##### Data provided #####

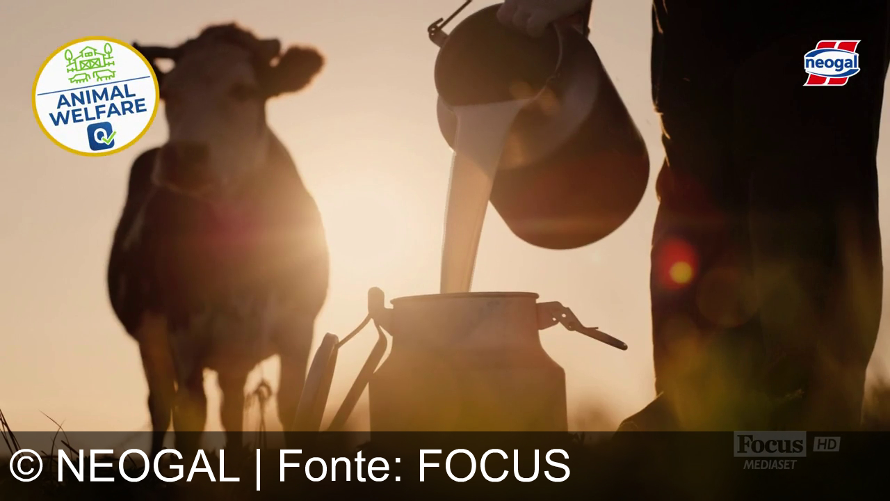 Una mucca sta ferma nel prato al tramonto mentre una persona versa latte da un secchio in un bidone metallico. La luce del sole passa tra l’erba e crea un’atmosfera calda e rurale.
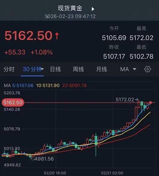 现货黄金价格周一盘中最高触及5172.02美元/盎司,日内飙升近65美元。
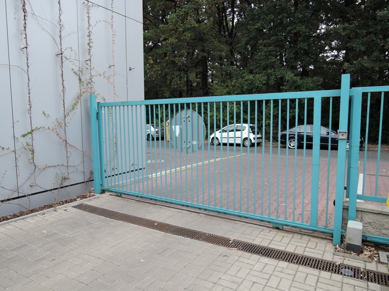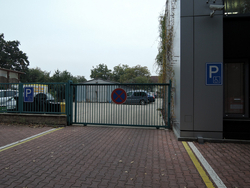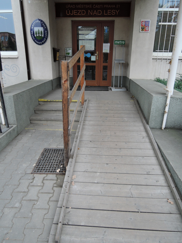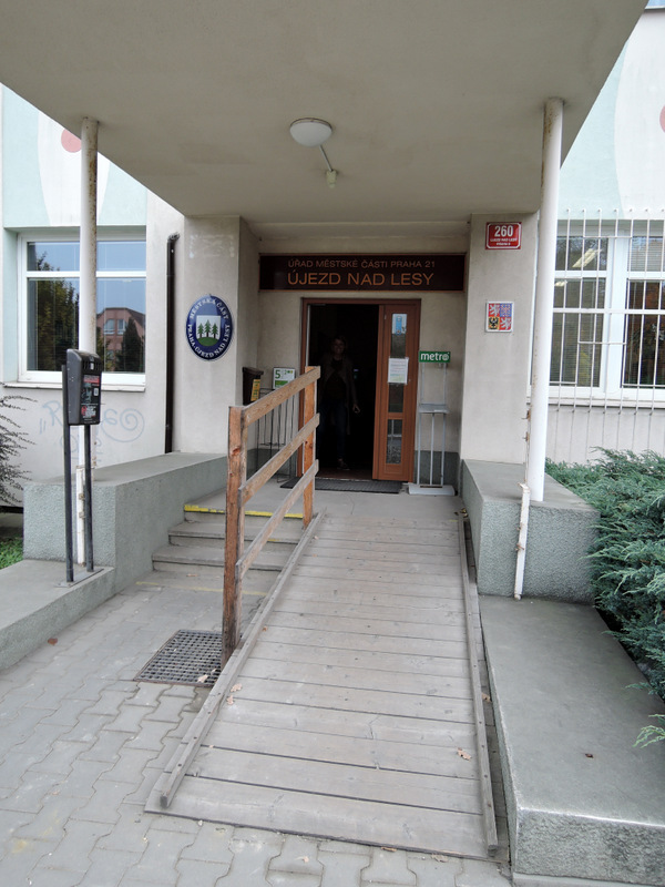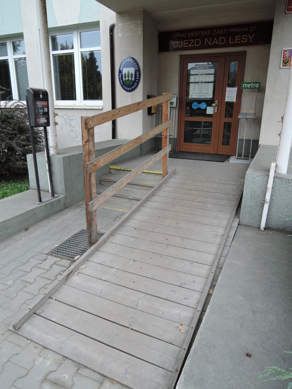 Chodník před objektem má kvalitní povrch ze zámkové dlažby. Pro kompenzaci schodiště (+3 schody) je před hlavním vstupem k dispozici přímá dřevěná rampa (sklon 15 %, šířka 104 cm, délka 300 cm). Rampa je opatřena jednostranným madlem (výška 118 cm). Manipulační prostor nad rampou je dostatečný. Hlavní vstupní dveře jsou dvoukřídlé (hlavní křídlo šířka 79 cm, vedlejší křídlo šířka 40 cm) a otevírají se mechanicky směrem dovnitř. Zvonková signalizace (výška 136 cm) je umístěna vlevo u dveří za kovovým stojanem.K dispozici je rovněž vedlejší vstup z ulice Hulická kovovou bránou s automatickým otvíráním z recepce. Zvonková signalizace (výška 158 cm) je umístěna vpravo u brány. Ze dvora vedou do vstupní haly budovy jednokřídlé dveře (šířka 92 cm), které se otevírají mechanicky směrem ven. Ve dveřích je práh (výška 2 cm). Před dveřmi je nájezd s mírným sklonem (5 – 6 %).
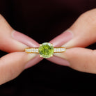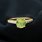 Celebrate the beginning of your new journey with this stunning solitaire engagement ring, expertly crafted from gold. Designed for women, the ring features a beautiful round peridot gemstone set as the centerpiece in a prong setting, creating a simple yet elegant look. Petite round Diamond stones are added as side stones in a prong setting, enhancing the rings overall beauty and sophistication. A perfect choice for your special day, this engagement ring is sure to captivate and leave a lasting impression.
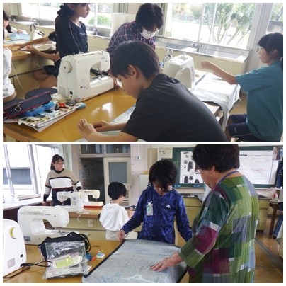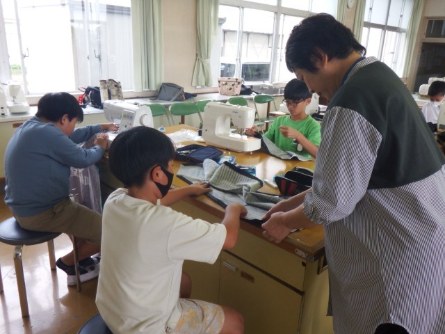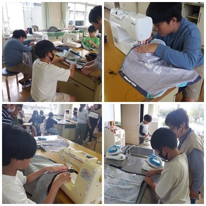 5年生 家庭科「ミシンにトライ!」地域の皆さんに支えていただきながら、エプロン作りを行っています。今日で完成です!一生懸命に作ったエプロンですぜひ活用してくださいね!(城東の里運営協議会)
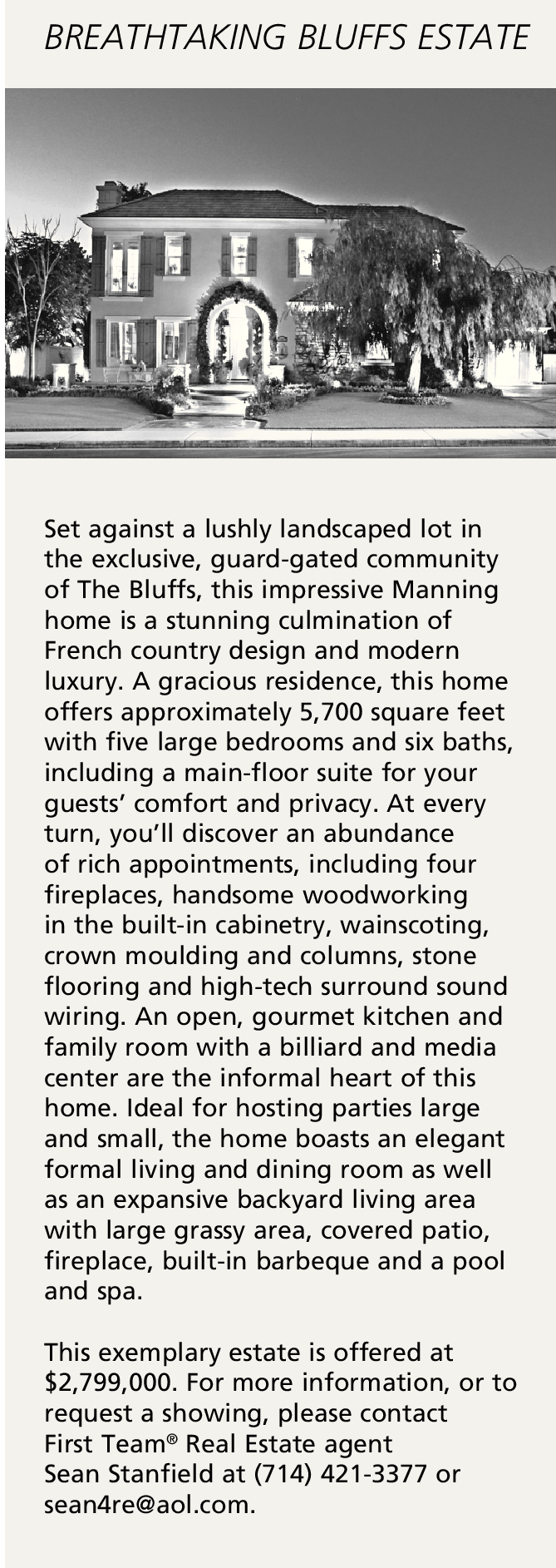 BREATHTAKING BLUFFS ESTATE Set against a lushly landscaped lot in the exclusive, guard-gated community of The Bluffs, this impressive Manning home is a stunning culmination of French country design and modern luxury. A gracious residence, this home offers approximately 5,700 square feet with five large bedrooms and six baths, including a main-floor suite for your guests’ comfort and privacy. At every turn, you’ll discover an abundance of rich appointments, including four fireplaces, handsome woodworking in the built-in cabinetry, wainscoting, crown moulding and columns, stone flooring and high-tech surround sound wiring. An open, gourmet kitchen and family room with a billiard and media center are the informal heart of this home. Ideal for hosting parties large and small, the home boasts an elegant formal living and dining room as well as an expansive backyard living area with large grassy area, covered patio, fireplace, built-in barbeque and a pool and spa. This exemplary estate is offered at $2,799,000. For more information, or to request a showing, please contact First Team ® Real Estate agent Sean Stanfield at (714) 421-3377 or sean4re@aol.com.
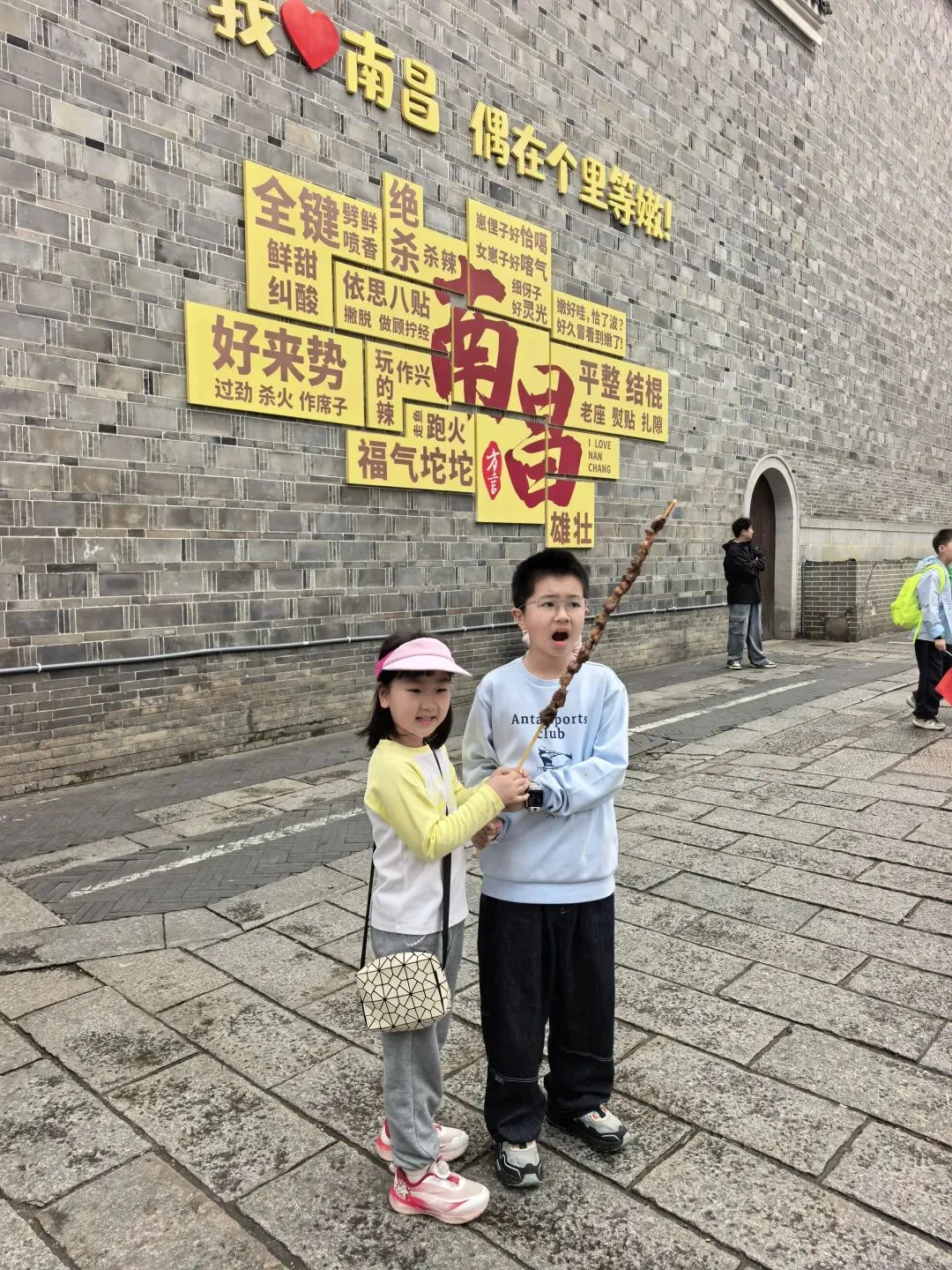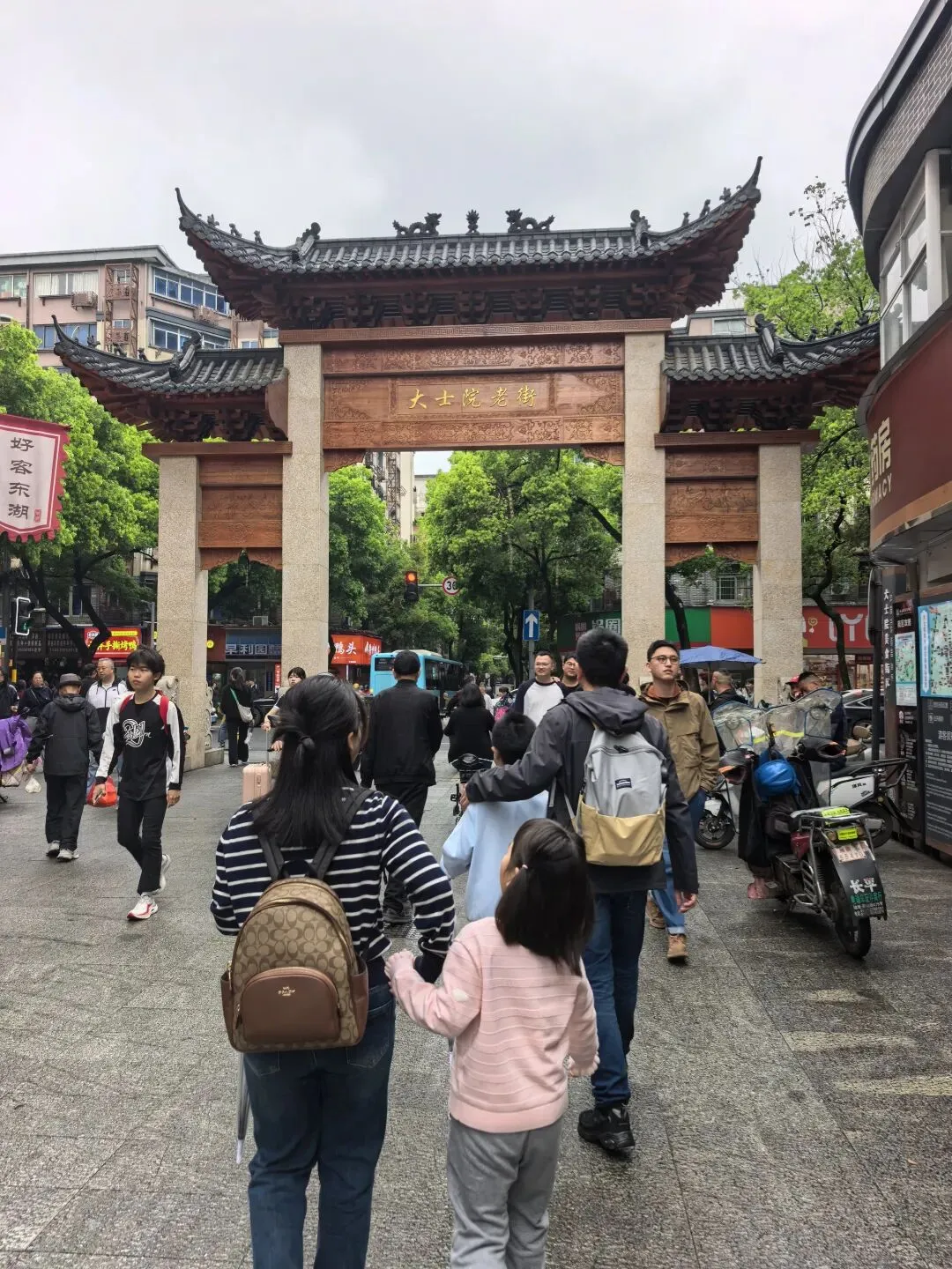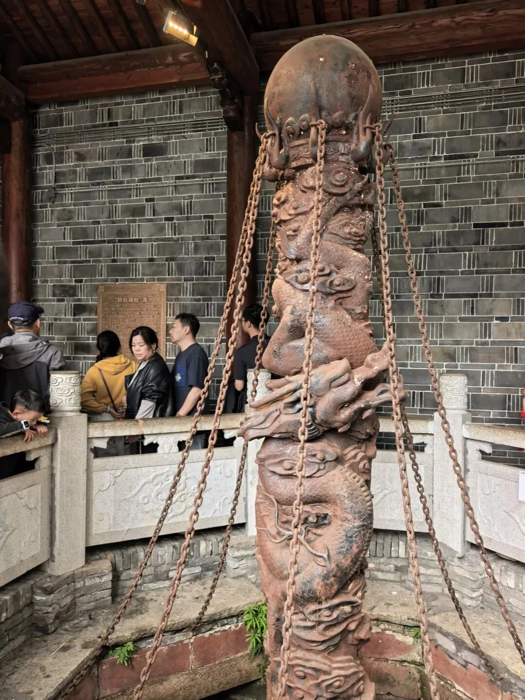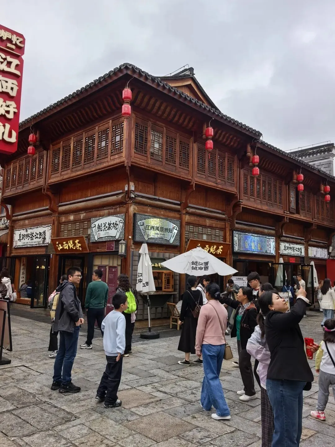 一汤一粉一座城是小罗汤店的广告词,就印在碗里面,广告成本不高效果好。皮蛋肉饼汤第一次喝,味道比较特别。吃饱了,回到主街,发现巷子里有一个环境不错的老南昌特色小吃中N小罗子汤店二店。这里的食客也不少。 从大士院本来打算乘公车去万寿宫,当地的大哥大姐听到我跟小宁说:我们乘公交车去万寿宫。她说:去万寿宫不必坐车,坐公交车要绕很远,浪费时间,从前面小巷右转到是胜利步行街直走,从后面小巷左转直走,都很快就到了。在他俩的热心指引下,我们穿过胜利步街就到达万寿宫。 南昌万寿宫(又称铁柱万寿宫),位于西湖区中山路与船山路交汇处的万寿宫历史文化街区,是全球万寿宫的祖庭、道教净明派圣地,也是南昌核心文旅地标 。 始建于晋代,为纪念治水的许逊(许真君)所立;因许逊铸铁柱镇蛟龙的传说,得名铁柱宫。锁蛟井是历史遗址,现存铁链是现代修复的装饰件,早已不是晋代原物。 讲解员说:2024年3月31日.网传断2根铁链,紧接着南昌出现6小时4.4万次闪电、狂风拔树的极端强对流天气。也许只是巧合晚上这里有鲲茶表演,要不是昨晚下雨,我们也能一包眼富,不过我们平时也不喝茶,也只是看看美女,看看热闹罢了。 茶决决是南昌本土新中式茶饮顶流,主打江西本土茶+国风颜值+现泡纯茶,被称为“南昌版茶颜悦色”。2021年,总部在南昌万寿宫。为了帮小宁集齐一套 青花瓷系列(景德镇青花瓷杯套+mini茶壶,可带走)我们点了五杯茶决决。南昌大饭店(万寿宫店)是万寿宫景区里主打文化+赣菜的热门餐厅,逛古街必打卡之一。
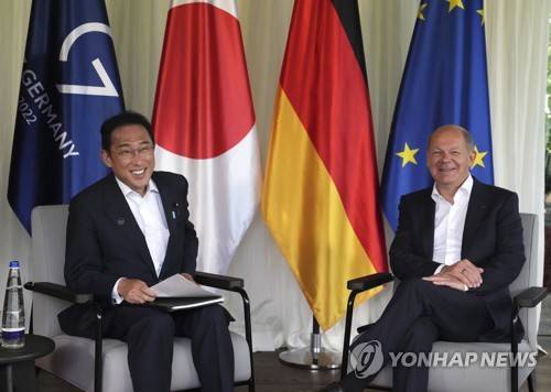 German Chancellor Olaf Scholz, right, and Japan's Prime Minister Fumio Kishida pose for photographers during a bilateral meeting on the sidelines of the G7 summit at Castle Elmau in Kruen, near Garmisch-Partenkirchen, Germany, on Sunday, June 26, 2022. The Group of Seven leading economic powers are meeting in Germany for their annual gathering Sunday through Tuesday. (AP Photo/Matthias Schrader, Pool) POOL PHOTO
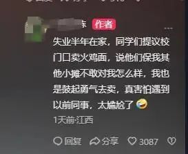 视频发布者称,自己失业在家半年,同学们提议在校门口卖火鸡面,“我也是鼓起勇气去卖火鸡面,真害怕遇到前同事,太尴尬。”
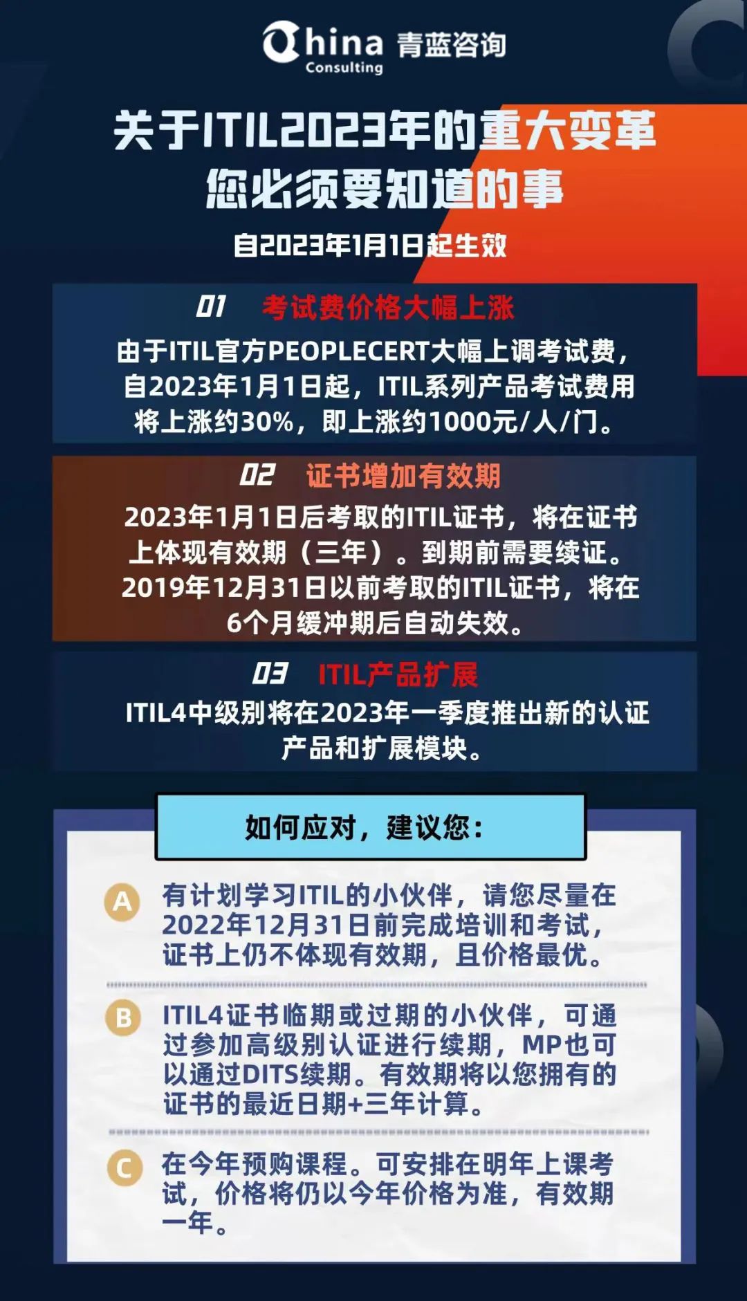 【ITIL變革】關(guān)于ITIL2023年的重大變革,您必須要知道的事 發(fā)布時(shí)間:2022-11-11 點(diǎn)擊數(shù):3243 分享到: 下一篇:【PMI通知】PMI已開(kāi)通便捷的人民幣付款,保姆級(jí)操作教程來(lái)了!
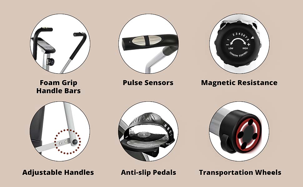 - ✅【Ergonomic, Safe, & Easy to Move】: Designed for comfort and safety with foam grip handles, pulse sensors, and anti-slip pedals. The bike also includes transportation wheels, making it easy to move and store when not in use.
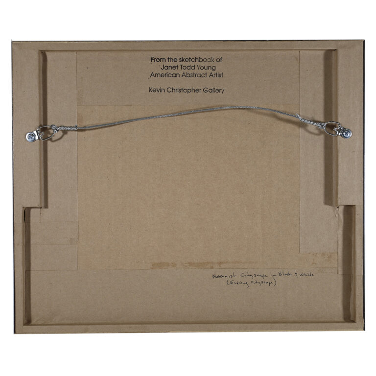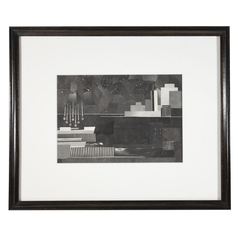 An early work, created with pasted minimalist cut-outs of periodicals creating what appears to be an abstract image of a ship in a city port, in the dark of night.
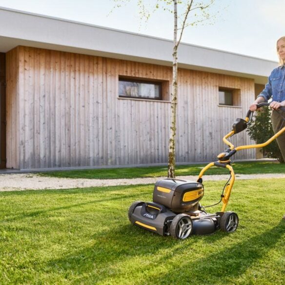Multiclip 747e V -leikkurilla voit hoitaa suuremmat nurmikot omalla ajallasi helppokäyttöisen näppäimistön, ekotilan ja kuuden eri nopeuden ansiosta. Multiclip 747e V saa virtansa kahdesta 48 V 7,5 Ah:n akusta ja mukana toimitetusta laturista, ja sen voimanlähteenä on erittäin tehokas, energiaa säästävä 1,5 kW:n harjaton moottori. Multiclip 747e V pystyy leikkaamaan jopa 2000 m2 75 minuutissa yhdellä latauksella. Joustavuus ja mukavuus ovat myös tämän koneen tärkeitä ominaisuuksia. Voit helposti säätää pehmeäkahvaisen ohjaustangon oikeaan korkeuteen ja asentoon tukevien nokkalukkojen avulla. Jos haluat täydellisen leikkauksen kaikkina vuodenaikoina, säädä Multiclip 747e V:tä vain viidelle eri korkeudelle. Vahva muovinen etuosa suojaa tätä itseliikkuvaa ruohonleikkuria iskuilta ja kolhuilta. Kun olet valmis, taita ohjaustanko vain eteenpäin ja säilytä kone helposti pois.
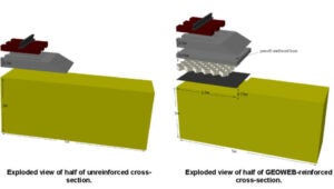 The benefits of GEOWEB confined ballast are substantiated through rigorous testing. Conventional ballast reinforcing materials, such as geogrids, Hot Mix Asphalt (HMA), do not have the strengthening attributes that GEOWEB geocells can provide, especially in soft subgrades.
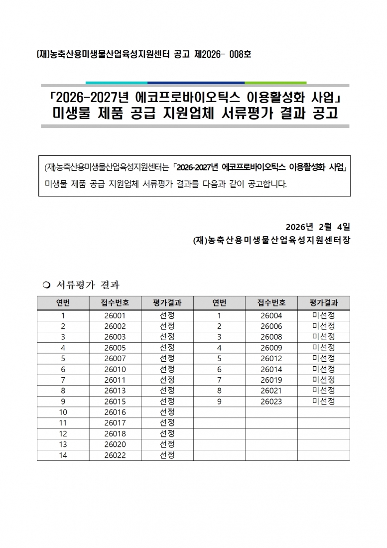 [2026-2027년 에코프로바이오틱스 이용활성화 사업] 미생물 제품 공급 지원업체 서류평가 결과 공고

#####

▶ _Problem requirements_: Produce an exact reproduction of the listing above, limited to the lines starting at the line with "Chodník před objektem" and ending at the line with "5年生 家庭科「ミシンにトラ", both kept, with every picture left out.

▶ _Result_:
 Chodník před objektem má kvalitní povrch ze zámkové dlažby. Pro kompenzaci schodiště (+3 schody) je před hlavním vstupem k dispozici přímá dřevěná rampa (sklon 15 %, šířka 104 cm, délka 300 cm). Rampa je opatřena jednostranným madlem (výška 118 cm). Manipulační prostor nad rampou je dostatečný. Hlavní vstupní dveře jsou dvoukřídlé (hlavní křídlo šířka 79 cm, vedlejší křídlo šířka 40 cm) a otevírají se mechanicky směrem dovnitř. Zvonková signalizace (výška 136 cm) je umístěna vlevo u dveří za kovovým stojanem.K dispozici je rovněž vedlejší vstup z ulice Hulická kovovou bránou s automatickým otvíráním z recepce. Zvonková signalizace (výška 158 cm) je umístěna vpravo u brány. Ze dvora vedou do vstupní haly budovy jednokřídlé dveře (šířka 92 cm), které se otevírají mechanicky směrem ven. Ve dveřích je práh (výška 2 cm). Před dveřmi je nájezd s mírným sklonem (5 – 6 %).
 Celebrate the beginning of your new journey with this stunning solitaire engagement ring, expertly crafted from gold. Designed for women, the ring features a beautiful round peridot gemstone set as the centerpiece in a prong setting, creating a simple yet elegant look. Petite round Diamond stones are added as side stones in a prong setting, enhancing the rings overall beauty and sophistication. A perfect choice for your special day, this engagement ring is sure to captivate and leave a lasting impression.
 5年生 家庭科「ミシンにトライ!」地域の皆さんに支えていただきながら、エプロン作りを行っています。今日で完成です!一生懸命に作ったエプロンですぜひ活用してくださいね!(城東の里運営協議会)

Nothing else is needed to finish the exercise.